The overall goal of the proposed research is to identify the genes in energy metabolism and stress response that are crucial for life span extension using two mammalian model systems, food restriction (FR) and the Ames dwarf (df) mouse. Although many changes in physiologic function and gene expression have been found through the analysis of rodents subjected to food restriction, it is difficult to identify which changes contribute significantly to life span extension. A much needed additional model is the Ames dwarf mouse. These mutant mice have pituitary insufficiency leading to reduced growth hormone, prolactin, and thyrotropin. The df mouse model has a dramatically extended life span--the greatest extension of any mammalian model (Brown-Borg, Nature, 1996). The hypothesis that directs the proposed studies is that downstream target genes altered by the pituitary insufficiency state are candidate genes for longevity. Genes that are similarly expressed in the genetic (df) and in the adaptive (FR) animals compared to ad libitum fed mice, will have a high probability of being critical for the life span extension.
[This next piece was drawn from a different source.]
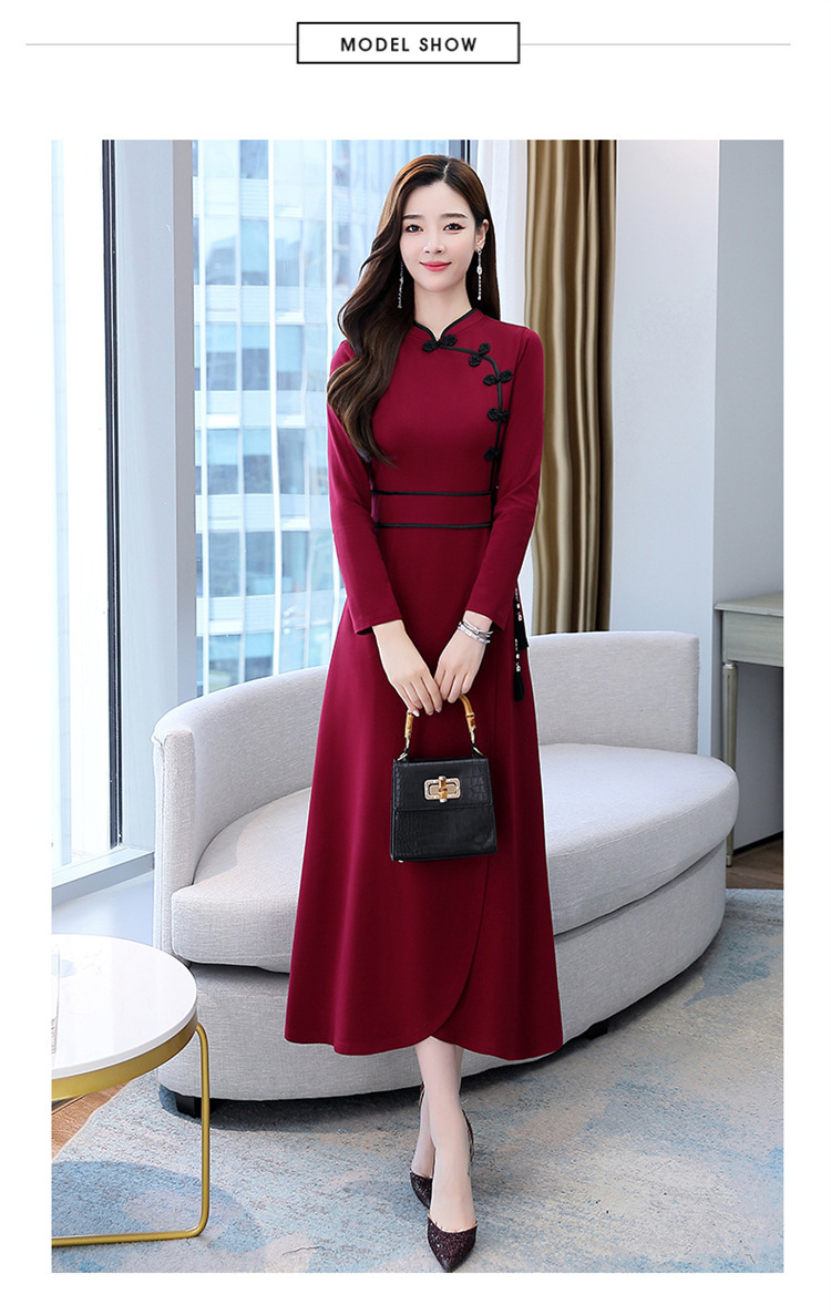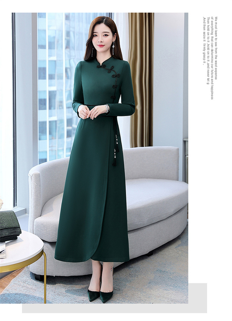 Chiếc đầm dành cho mẹ trong những dịp vui của gia đình. Kiểu dáng kín đáo với tay dài, phù hợp thời tiết mùa thu. Thiết kế ôm nhẹ cơ thể, tôn dáng người mặc. Chất vải mềm mại giúp bạn dễ chịu khi mặc trong suốt buổi tiệc. Sản phẩm dễ phối cùng các loại trang sức và giày có màu sắc tương đồng. Bạn có thể giặt nhẹ và phơi trong bóng mát để giữ form đầm được lâu. | Tên sản phẩm: Váy Đầm Liền Thân Nữ Dài Tay Hàng Mùa Xuân Thu Đông Trung Niên Dùng Trong Lễ Cưới Ngày Cưới - Thời Trang Nữ | Mã sản phẩm: K1245 - Giá: 1.680.000đ | Mã nhà sản xuất: WODTH-G05Hình ảnh sản phẩm

Specific Aim 1 will be to compare the levels of expression of three categories of known genes in liver, muscle, and adipose tissues of the Ames dwarf animals to that of the FR and ad libitum fed control litter mates. The known genes to be examined are those that are 1) involved in energy metabolism 2) transcription factor genes known to regulate the nutritional response of metabolic genes in these tissues and 3) genes involved in stress response pathways. These genes are chosen based on previous descriptions of enzymatic activities found to differ in either the FR or df animals.
Specific Aim 2 will expand the screen for genes whose levels are similarly altered in the FR and df mice by using micro array of the UniGene Mus musculus cDNA set. This comparison of known and unknown genes whose expression is similar in dwarf and FR mice, but differs from ad lib fed animals will suggest categories of genes that are most relevant to the extension of life span. A third specific aim will be to determine whether additional models of hormonal insufficiency have extended life spans. We will initiate the housing of two mutant mouse strains in order to determine their longevity; i.e. the Tshb mouse (deficient in the beta subunit of thyrotropin resulting in thyroid hormone deficiency) and the Little mouse (lacking the growth hormone releasing hormone receptor and deficient in growth hormone). Each of these animals is growth retarded, but their longevity is unknown. If either of these strains has increased longevity, they should share the phenotype of altered gene expression for loci relevant to longevity and will serve as an additional model to delineate patterns of gene expression that increase life span.